Lawyers’ habits prohibit efficiency

By Lara Bullock|02 March 2016
Cholena Orr

Lawyers need to review their personal habits to maximise their efficiency, according to a workplace productivity expert.

Speaking with Lawyers Weekly ahead of her webinar series with CPD For Me, Cholena Orr (pictured), director of pac executive Human Capital, said that lawyers need to hone in on their bad habits to improve their productivity.

“Research tells us that around 40 to 45 per cent of the choices we make each day are due to habit,” Ms Orr said.

“Unfortunately, most of us have never been taught how to work and this means that over time many lawyers have developed inefficient habits.”

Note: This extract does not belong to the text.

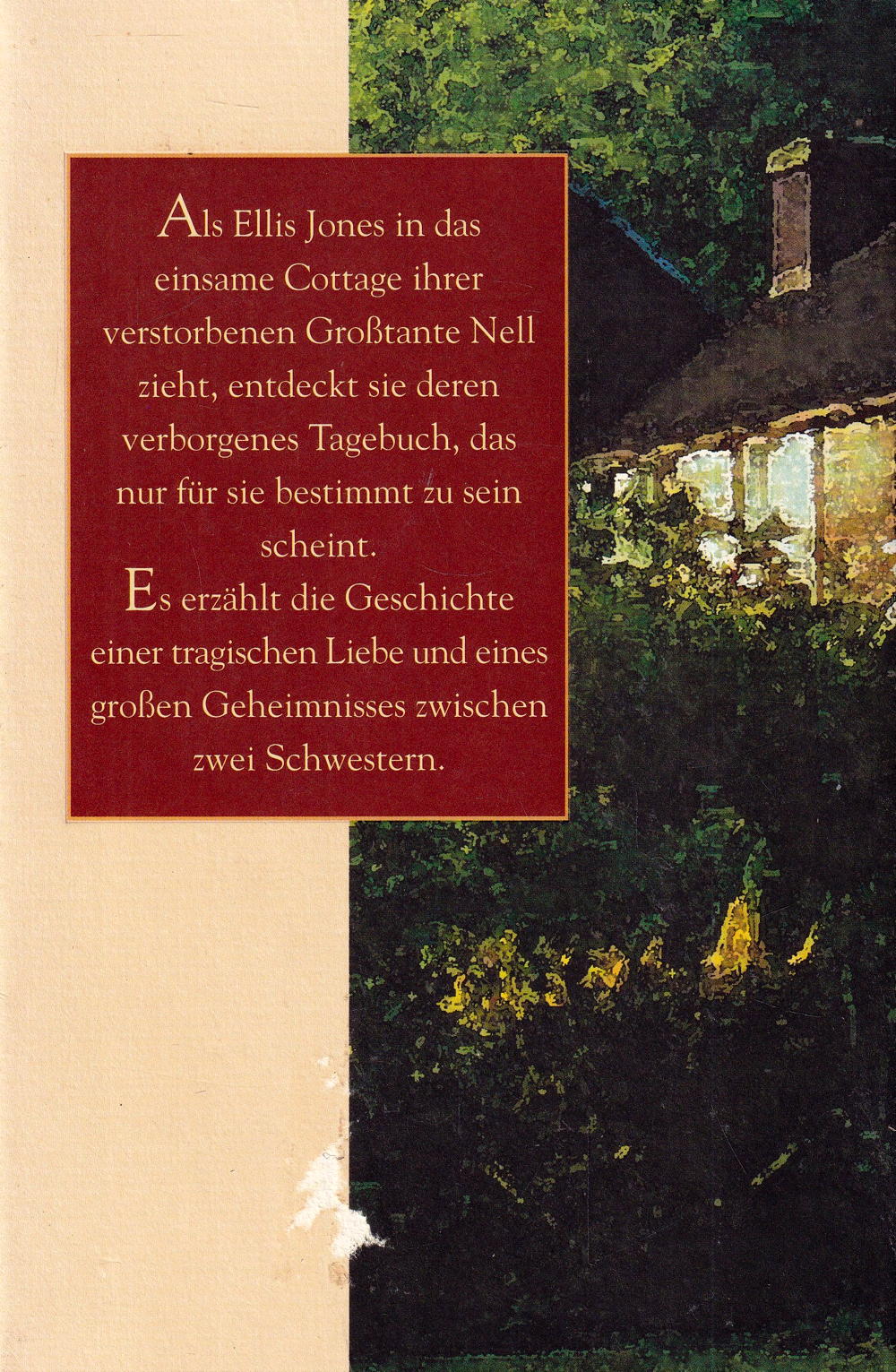 Schon nach der ersten Begegnung mit Laurence weiß Nell, dass sie die große Liebe ihres Lebens gefunden hat. Verstört flüchtet sie nach London, kehrt aber bald auf Drängen ihrer ahnungslosen Schwester nach Suffolk zurück. Doch das Wiedersehen mit ihrem Schwager hat weit reichende Folgen. Am Ende ist der geheime Garten des Malletts Cottage Nells einzige Zuflucht. Ergriffen von dem Schicksal ihrer Großtante stellt Ellis nun selbst Nachforschungen an. Ihre Recherchen enthüllen die wahre Geschichte ihrer Familie, und plötzlich weiß sie, dass es nur eine Möglichkeit für ihre eigene Zukunft geben kann.

According to Ms Orr, inefficient habits include checking email too often, over complicating filing systems, not applying discipline to meetings, allowing ourselves to get interrupted and lack of planning.

Ms Orr said that according to research, people are interrupted by incoming email at least once every thirteen minutes, but it takes between one and 24 minutes to refocus on a task after checking your email.

“The maths just doesn’t work,” she said.

“Determine how long a client can wait for a response from you if they email you, and then put appointments in your diary to check your email at those times and only those times.”

Beyond the distraction of frequent email checking, Mr Orr said many lawyers need to assess their use of technology in general.


“Technology should be an enabler. If it’s not, then the ‘tail is wagging the dog’,” Mr Orr said.

“By learning how to use our technology, we can improve our efficiency and effectiveness.”

A third bad habit many lawyers have is giving up personal time to cope with increasing workloads.

“Every hour you work over 50 hours per week has been proven to both decrease your personal efficiency, and increase your personal misery,” she said.

“The impact is that lawyers are amongst the least happy professionals in Australia. Apart from the impact on mental health, there is a huge impact upon productivity.”